§ **TASK BRIEF**: The copy must run from the first line of the entries below through the line containing "The first photo", restated word for word, with pictures left out.

(Dataset excerpts)

:::

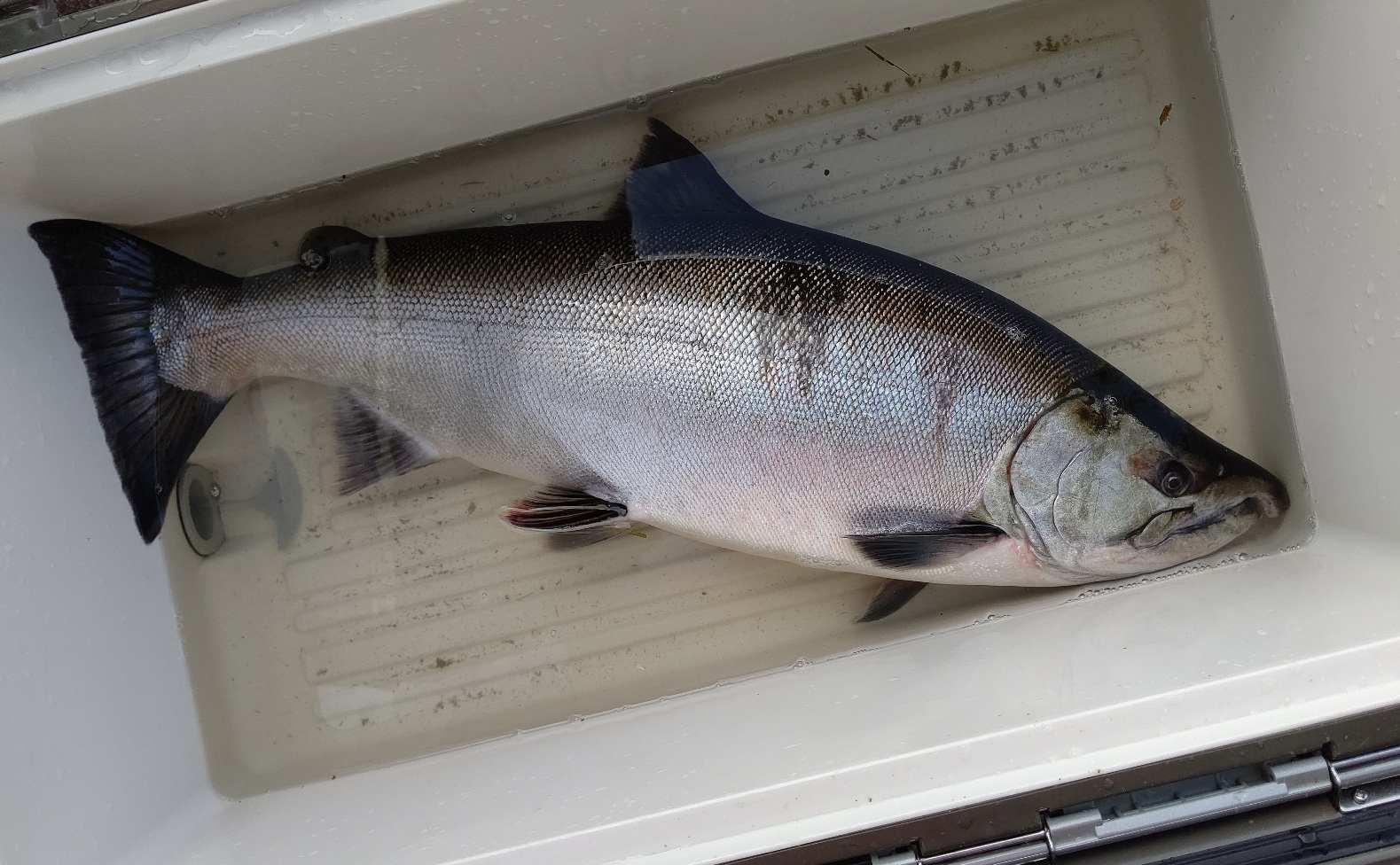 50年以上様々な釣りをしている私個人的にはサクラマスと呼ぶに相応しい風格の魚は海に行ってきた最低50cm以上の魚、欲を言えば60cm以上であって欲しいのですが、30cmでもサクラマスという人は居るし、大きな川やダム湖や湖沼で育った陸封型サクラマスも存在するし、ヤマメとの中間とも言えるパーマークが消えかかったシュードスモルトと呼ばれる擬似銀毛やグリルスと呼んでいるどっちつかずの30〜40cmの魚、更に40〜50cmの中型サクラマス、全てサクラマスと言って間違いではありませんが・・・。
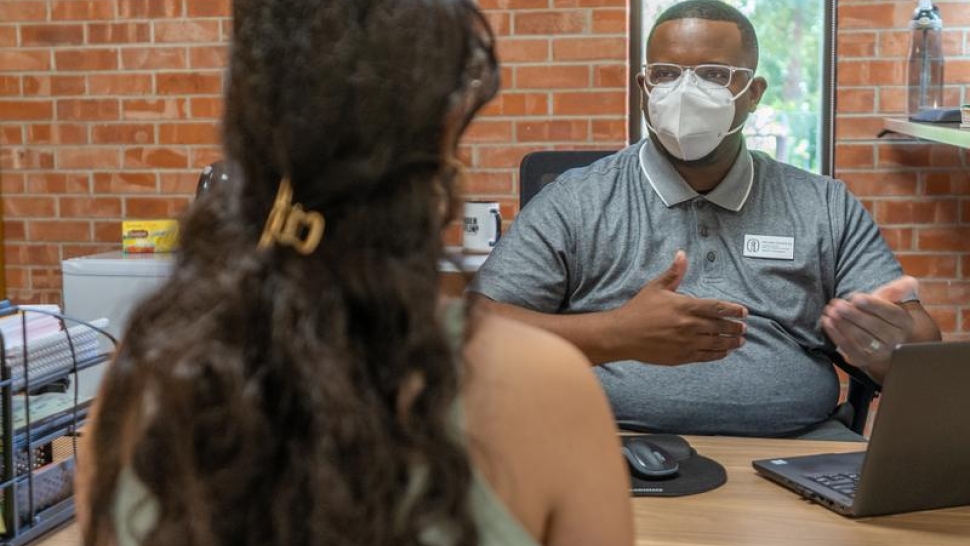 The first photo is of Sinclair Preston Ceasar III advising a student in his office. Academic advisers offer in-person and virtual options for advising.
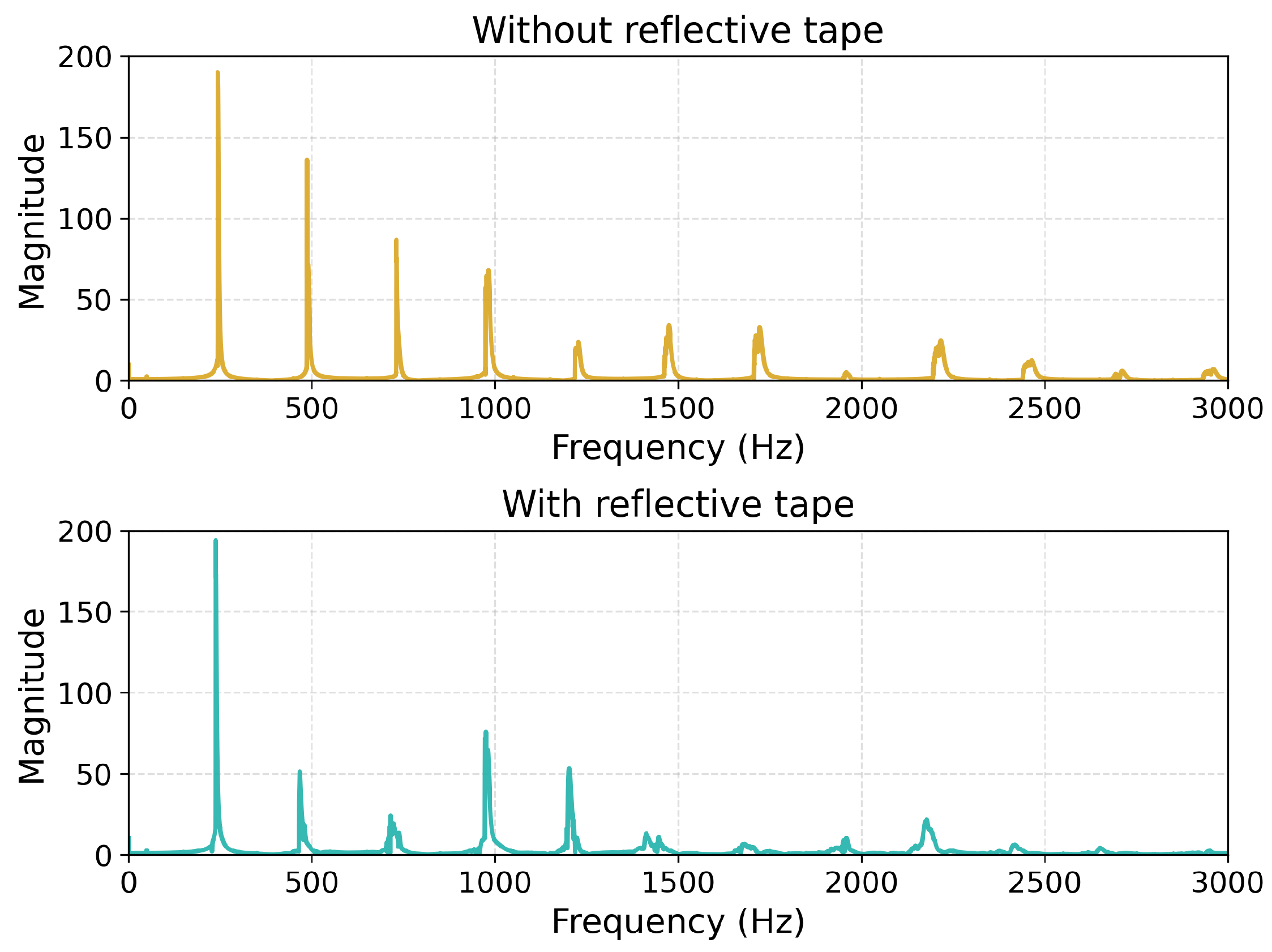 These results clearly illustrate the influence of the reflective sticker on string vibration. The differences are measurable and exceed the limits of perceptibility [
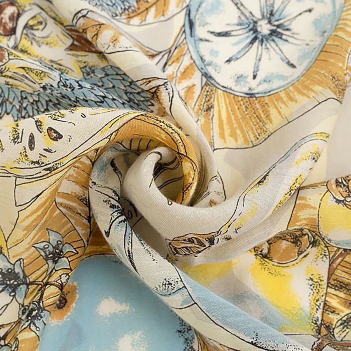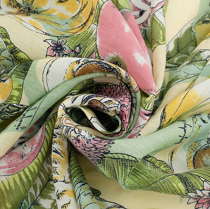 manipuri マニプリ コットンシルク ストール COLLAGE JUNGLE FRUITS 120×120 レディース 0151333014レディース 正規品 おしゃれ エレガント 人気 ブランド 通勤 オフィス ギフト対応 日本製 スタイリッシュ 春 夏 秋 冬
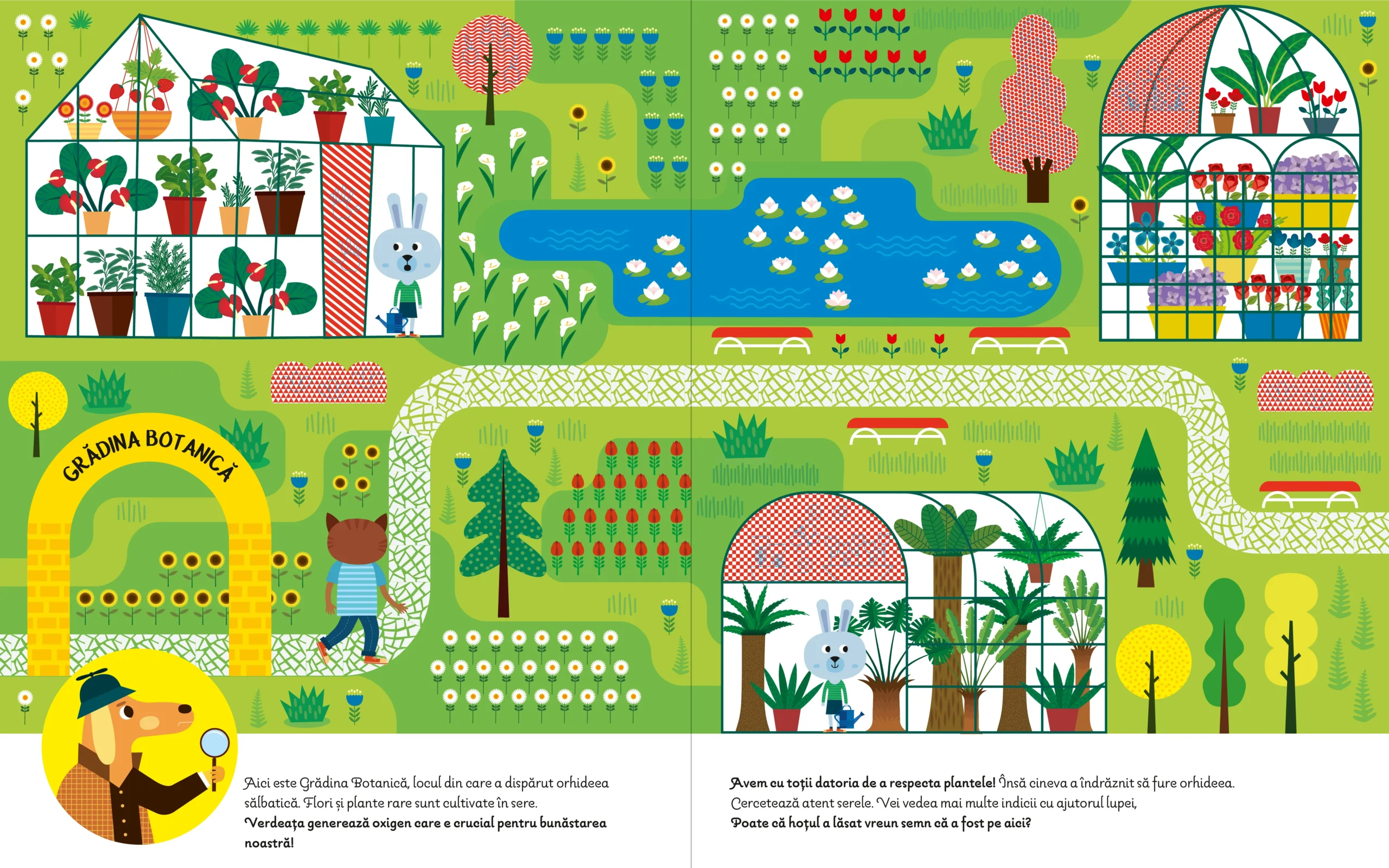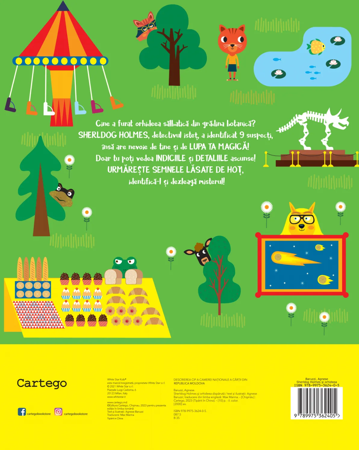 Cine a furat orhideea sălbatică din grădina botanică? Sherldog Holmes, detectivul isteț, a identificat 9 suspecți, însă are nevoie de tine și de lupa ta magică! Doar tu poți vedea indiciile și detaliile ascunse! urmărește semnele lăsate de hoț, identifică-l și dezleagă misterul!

:::

§ **OUTPUT**:
 50年以上様々な釣りをしている私個人的にはサクラマスと呼ぶに相応しい風格の魚は海に行ってきた最低50cm以上の魚、欲を言えば60cm以上であって欲しいのですが、30cmでもサクラマスという人は居るし、大きな川やダム湖や湖沼で育った陸封型サクラマスも存在するし、ヤマメとの中間とも言えるパーマークが消えかかったシュードスモルトと呼ばれる擬似銀毛やグリルスと呼んでいるどっちつかずの30〜40cmの魚、更に40〜50cmの中型サクラマス、全てサクラマスと言って間違いではありませんが・・・。
 The first photo is of Sinclair Preston Ceasar III advising a student in his office. Academic advisers offer in-person and virtual options for advising.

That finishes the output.